PROBLEM
From the first line to the last, repeat the records exactly and skip the pictures.

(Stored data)
══════
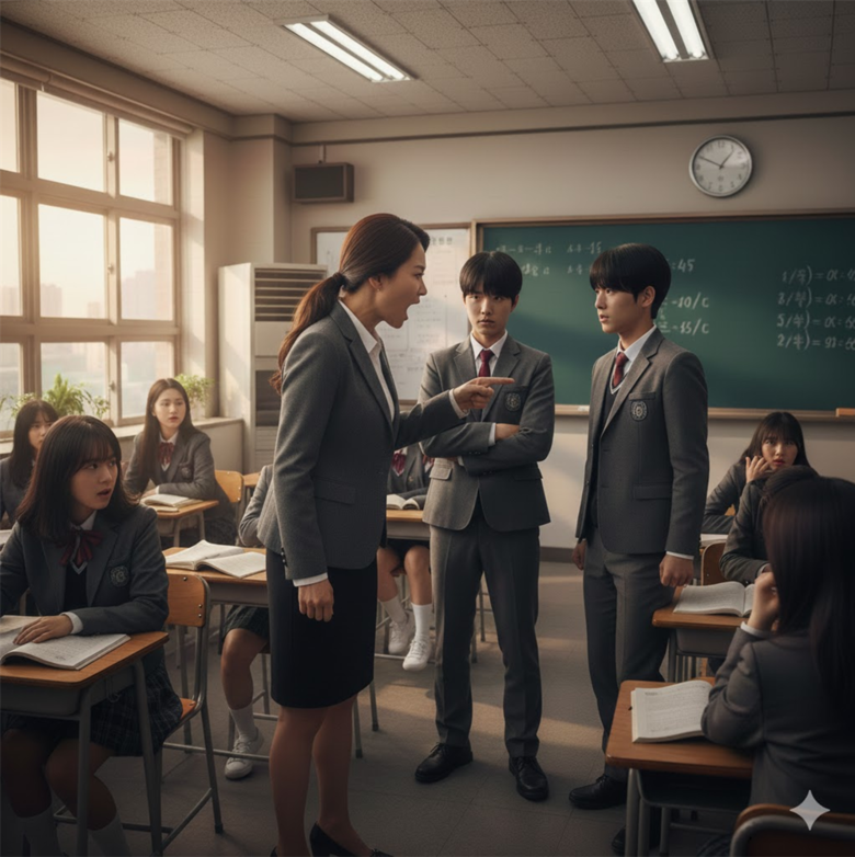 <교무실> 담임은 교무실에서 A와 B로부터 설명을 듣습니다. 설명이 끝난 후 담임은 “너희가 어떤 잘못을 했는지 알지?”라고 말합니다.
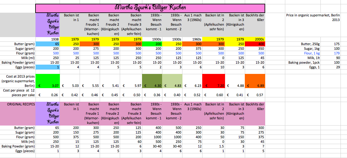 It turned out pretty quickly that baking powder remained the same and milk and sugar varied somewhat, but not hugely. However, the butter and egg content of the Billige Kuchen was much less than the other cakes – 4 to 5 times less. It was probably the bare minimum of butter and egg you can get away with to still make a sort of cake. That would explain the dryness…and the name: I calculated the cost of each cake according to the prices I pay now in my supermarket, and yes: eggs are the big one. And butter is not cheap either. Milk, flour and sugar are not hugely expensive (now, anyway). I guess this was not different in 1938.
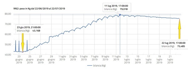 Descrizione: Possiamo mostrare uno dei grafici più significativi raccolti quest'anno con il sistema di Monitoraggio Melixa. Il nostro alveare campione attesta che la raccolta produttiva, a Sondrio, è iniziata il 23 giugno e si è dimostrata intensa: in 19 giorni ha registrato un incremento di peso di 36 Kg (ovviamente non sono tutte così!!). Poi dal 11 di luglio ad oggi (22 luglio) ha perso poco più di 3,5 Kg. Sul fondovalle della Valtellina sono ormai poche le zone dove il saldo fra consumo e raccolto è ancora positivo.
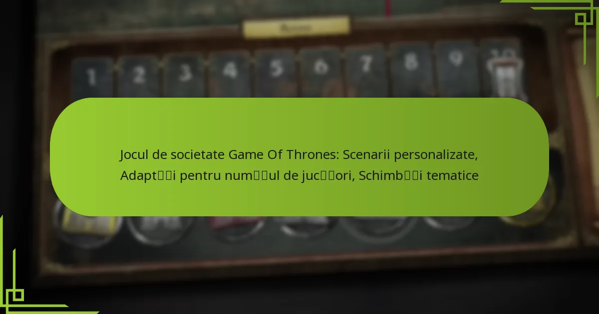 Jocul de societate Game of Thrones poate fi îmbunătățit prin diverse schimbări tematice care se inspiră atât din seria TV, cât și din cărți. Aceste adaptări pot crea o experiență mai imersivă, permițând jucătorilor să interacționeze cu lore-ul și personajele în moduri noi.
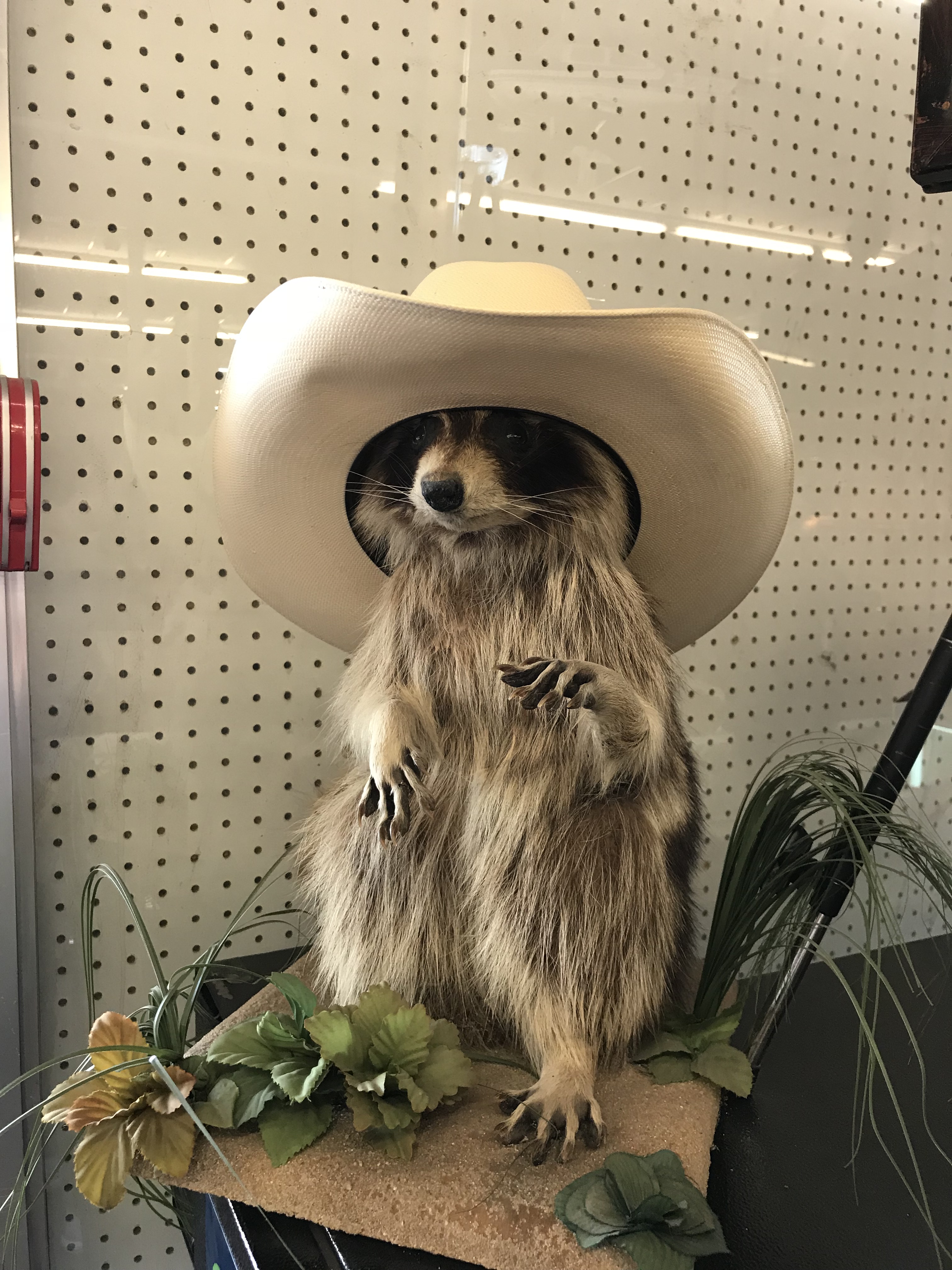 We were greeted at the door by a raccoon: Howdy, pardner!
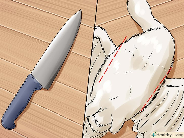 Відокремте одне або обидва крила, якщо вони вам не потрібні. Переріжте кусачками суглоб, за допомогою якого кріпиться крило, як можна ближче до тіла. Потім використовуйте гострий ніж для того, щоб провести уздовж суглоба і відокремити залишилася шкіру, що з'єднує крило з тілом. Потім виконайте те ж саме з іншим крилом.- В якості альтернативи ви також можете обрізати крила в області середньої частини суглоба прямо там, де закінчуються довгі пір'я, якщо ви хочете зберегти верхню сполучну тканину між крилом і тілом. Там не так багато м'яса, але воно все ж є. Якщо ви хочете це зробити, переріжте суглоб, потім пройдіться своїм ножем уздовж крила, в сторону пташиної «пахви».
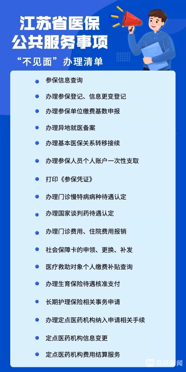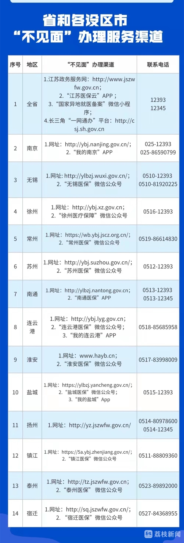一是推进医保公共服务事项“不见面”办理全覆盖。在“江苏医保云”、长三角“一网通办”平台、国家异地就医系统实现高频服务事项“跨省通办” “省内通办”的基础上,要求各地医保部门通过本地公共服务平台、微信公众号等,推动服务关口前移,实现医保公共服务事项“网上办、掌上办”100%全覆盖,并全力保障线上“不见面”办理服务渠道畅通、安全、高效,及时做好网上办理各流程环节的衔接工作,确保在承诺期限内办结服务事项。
══════
WRITTEN SOLUTION
 <교무실> 담임은 교무실에서 A와 B로부터 설명을 듣습니다. 설명이 끝난 후 담임은 “너희가 어떤 잘못을 했는지 알지?”라고 말합니다.
 It turned out pretty quickly that baking powder remained the same and milk and sugar varied somewhat, but not hugely. However, the butter and egg content of the Billige Kuchen was much less than the other cakes – 4 to 5 times less. It was probably the bare minimum of butter and egg you can get away with to still make a sort of cake. That would explain the dryness…and the name: I calculated the cost of each cake according to the prices I pay now in my supermarket, and yes: eggs are the big one. And butter is not cheap either. Milk, flour and sugar are not hugely expensive (now, anyway). I guess this was not different in 1938.
 Descrizione: Possiamo mostrare uno dei grafici più significativi raccolti quest'anno con il sistema di Monitoraggio Melixa. Il nostro alveare campione attesta che la raccolta produttiva, a Sondrio, è iniziata il 23 giugno e si è dimostrata intensa: in 19 giorni ha registrato un incremento di peso di 36 Kg (ovviamente non sono tutte così!!). Poi dal 11 di luglio ad oggi (22 luglio) ha perso poco più di 3,5 Kg. Sul fondovalle della Valtellina sono ormai poche le zone dove il saldo fra consumo e raccolto è ancora positivo.
 Jocul de societate Game of Thrones poate fi îmbunătățit prin diverse schimbări tematice care se inspiră atât din seria TV, cât și din cărți. Aceste adaptări pot crea o experiență mai imersivă, permițând jucătorilor să interacționeze cu lore-ul și personajele în moduri noi.
 We were greeted at the door by a raccoon: Howdy, pardner!
 Відокремте одне або обидва крила, якщо вони вам не потрібні. Переріжте кусачками суглоб, за допомогою якого кріпиться крило, як можна ближче до тіла. Потім використовуйте гострий ніж для того, щоб провести уздовж суглоба і відокремити залишилася шкіру, що з'єднує крило з тілом. Потім виконайте те ж саме з іншим крилом.- В якості альтернативи ви також можете обрізати крила в області середньої частини суглоба прямо там, де закінчуються довгі пір'я, якщо ви хочете зберегти верхню сполучну тканину між крилом і тілом. Там не так багато м'яса, але воно все ж є. Якщо ви хочете це зробити, переріжте суглоб, потім пройдіться своїм ножем уздовж крила, в сторону пташиної «пахви».
一是推进医保公共服务事项“不见面”办理全覆盖。在“江苏医保云”、长三角“一网通办”平台、国家异地就医系统实现高频服务事项“跨省通办” “省内通办”的基础上,要求各地医保部门通过本地公共服务平台、微信公众号等,推动服务关口前移,实现医保公共服务事项“网上办、掌上办”100%全覆盖,并全力保障线上“不见面”办理服务渠道畅通、安全、高效,及时做好网上办理各流程环节的衔接工作,确保在承诺期限内办结服务事项。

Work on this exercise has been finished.